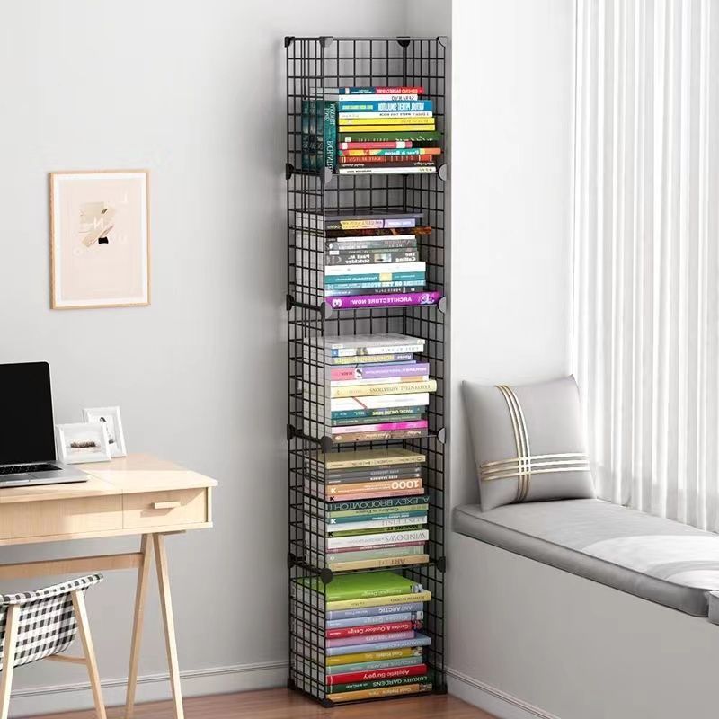 舞い上がる窓の簡易な本棚の縦型の着地する学生の机のそばの創意の鉄芸の本は本棚の狭い縫い目の棚を収納します。
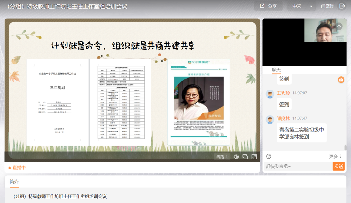 山东省中小学师训干训中心副主任黄雯、师训部主任王凯和张陆陆分别主持了集中会议和分组培训。
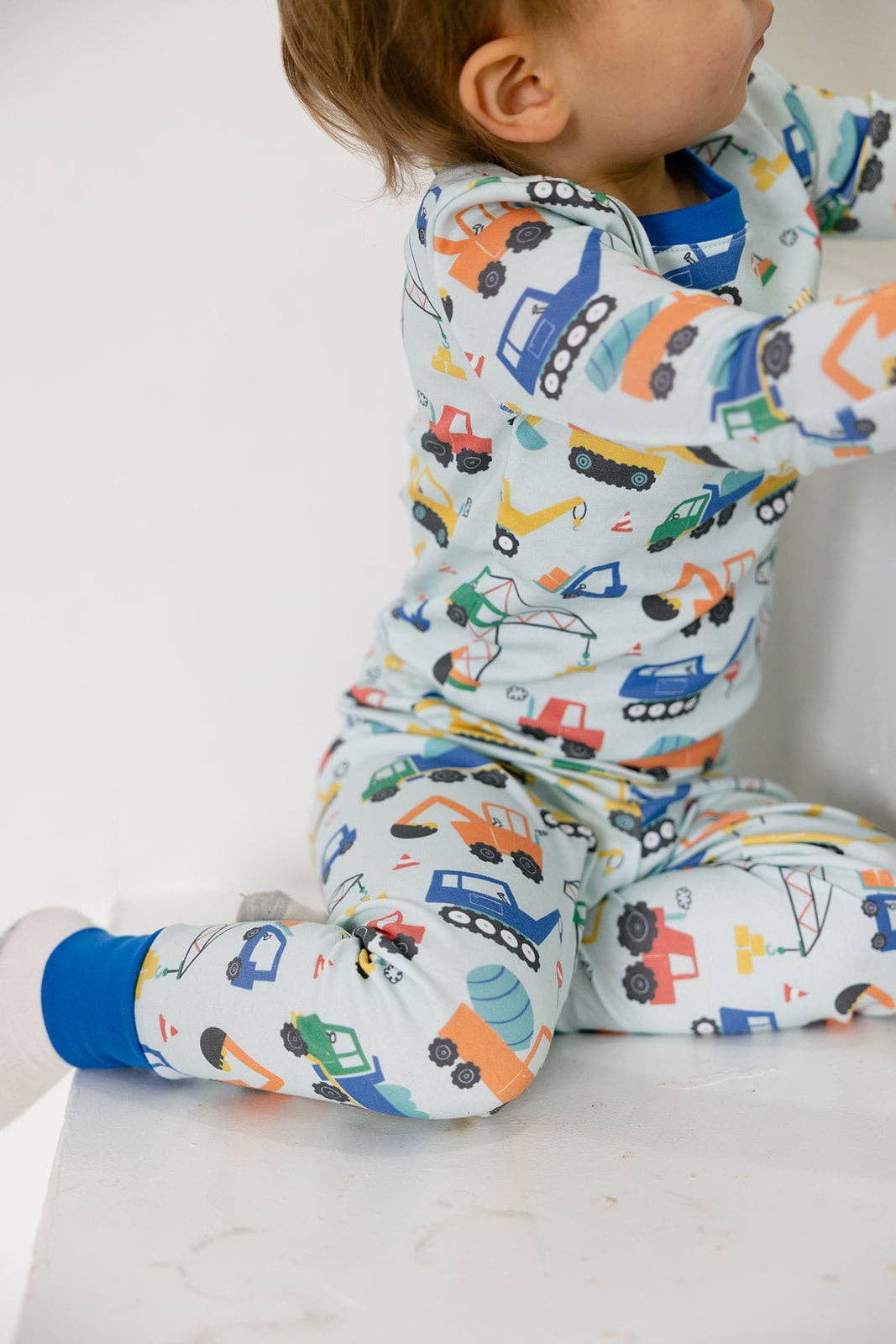 Introduce your child to the Bianca and Bear Construction Mint Long Sleeve Pajama Set. This sleepwear set is made from Pima cotton, known for its softness, strength, and resistance to pilling. It's gentle on delicate skin and ensures the outfit stays fresh wash after wash. The breathable, hypoallergenic, and eco-friendly attributes of Pima cotton will let your child rest easy. Dress them in comfort, style, and sustainability with Bianca and Bear.

☆ ☆ ☆ ☆ ☆

### [Task to carry out]
Repeat the material above verbatim, with no pictures in the output.

### [Task solution]
 舞い上がる窓の簡易な本棚の縦型の着地する学生の机のそばの創意の鉄芸の本は本棚の狭い縫い目の棚を収納します。
 山东省中小学师训干训中心副主任黄雯、师训部主任王凯和张陆陆分别主持了集中会议和分组培训。
 Introduce your child to the Bianca and Bear Construction Mint Long Sleeve Pajama Set. This sleepwear set is made from Pima cotton, known for its softness, strength, and resistance to pilling. It's gentle on delicate skin and ensures the outfit stays fresh wash after wash. The breathable, hypoallergenic, and eco-friendly attributes of Pima cotton will let your child rest easy. Dress them in comfort, style, and sustainability with Bianca and Bear.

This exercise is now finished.